Well, just hear my story first.
‘Ten years ago as the crow flies,
I came here with my darling bride.
It was Christmas Day in the Waxworks,
So it must be the same outside.
We asked for some food, we were starving –
You gave us pease pudden’ and pork.
My poor wife went to the Infirmary
With a pain in her Belle of New York.
You’re the man that stopped bacon from shrinking
By making the cook fry with Lux
And you wound up the cuckoo clock backwards
And now it goes ‘oo’ ‘fore it ‘cucks’.
So thank you, and bless you and b— low you.
You just take these curses from me,
May your wife give you nothing for dinner
And then warm it up for your tea.
Whatever you eat, may it always repeat –
Be it soup, fish, entrées or horse doovers.

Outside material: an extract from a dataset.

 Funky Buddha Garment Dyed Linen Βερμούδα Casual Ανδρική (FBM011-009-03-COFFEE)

May blue bottles and flies descend from the skies
And use your bald head for manoeuvres.
May the patent expire on your evening dress shoes,
May your Marcel waves all come uncurled,
May your flannel shirt shrink up the back of your neck
And expose your deceit to the world.
And now that I’ve told you my story
I’ll walk to the clink by the gate.
And as for your old Xmas Pudden’,
Stick that – on the next fellow’s plate.’

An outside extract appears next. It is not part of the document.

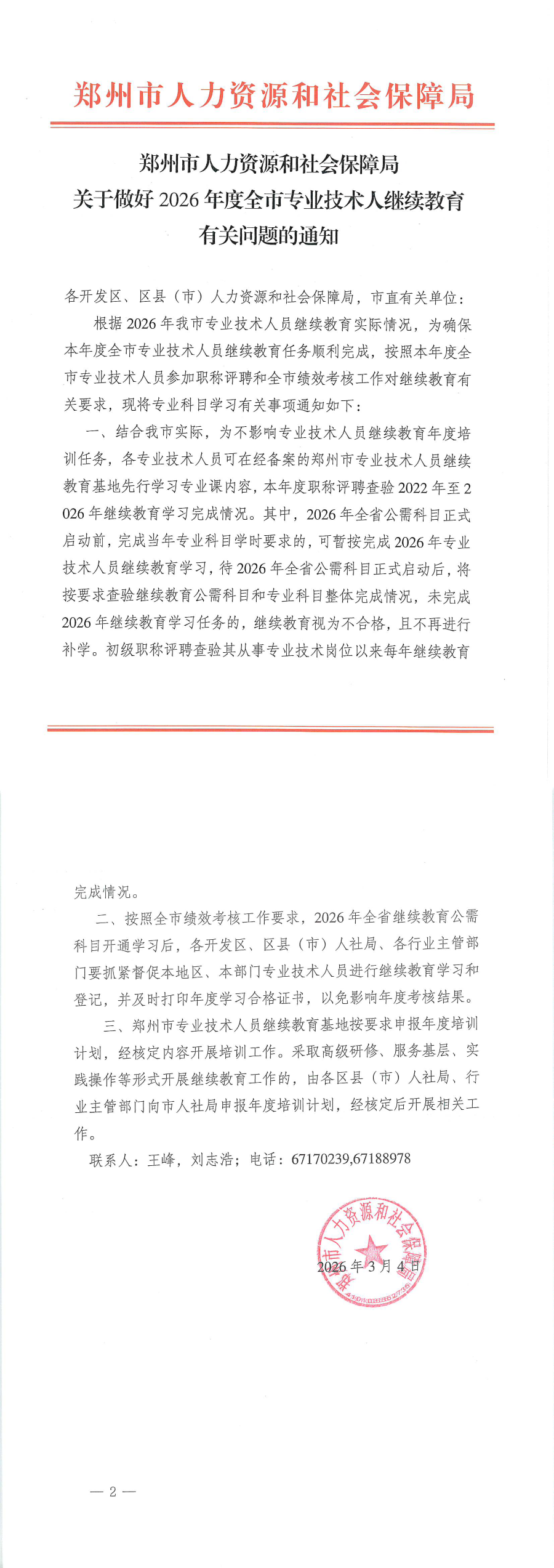 郑州市人力资源和社会保障局关于做好2026年度全市专业技术人员继续教育有关问题的通知

Christmas day in the Cookhouse
It was Christmas day in the Cookhouse,
The happiest day of the year,
Mens’ hearts were full of gladness,
And their bellies full of beer,
Then up stands Private Shorthouse,
His face as bold as brass
Saying “We don’t want your Christmas pudding
you can stick it up your…”
Tidings of comfort and joy,
Comfort and joy,
Oh, tidings of comfort and joy.
It was Christmas day in the harem,
The eunuchs were standing around
And hundreds of beautiful women
Were stretched out on the ground.
Then in walked the bold, bad Sultan
And gazed on his marbled halls
Saying “What do you want for Christmas boys?”
And the eunuchs answered…
Tidings of comfort and joy,
Comfort and joy,
Oh, tidings of comfort and joy.
Christmas Day in the Mortuary
It was Christmas Day in the mortuary,
The coldest day in the year,
When a corpse sat up and suddenly said,
“It’s bloody cold in here!”
Then in came the mortuary-keeper,
His face all aflame with beer,
Took one look at the corpse and said,
“You can’t do that there ‘ere!”
Christmas Day in the Workhouse
It was Christmas Day in the workhouse
The merriest day of the year
The paupers and the prisoners
Were all assembled there.
In came the Christmas pudding
When a voice that shattered glass
Said, “We don’t want your Christmas pudding
So stick it there with the rest of the unwanted presents.”
The workhouse master then arose
And prepared to carve the duck
He said “Who wants the parson’s nose
And the prisoners shouted “You have it yourself, sir.”
The vicar brought his Bible
And read out little bits.
Said one old crone at the back of the hall
“This man gets on very well with everybody.”
The workhouse mistress then began
To hand out Christmas parcels.
The paupers tore the wrappers off
And began to wipe their eyes, which were full of tears.
The master rose to make a speech
But just before he started
The mistress, who was fifteen stone,
Gave three loud cheers and nearly choked herself.
And all the paupers then began
To pull their Christmas crackers.
One pauper held his too low down
And blew off both his paper hat and the man’s next to him.
A steaming bowl of white bread sauce
Was handed round to some.
An aged gourmet then called aloud
“This bread sauce tastes like it was made by a continental chef.”
Mince pie with custard sauce was next
And each received a bit.
One pauper said “The mince pie’s nice
But the custard tastes like the bread sauce we had in the last verse!”
The mistress dishing out the food
Dropped custard down her front.
She cried “Aren’t I a silly girl!”
And they answered “You’re a
perfect picture as always ma’am !”
“This pudding “, said the master,
“Is solid, hard and thick.
How am I going to cut it?”
And a man cried, “Use your penknife sir, the one with the pearl handle.”
The mistress asked the vicar
To entertain his flock.
He said, “What would you like to see ?”
And they cried, “Let’s see your conjuring tricks, they’re always worth watching.”
“Your reverence, may I be excused ?”
Said one benign old chap.
“I don’t like any conjuring tricks.
I’d sooner have a carol or two around the fire”
So then they all began to sing
Which shook the workhouse walls.
“Merry Christmas!” cried the master,
And the inmates shouted “Best of luck to you as well sir!”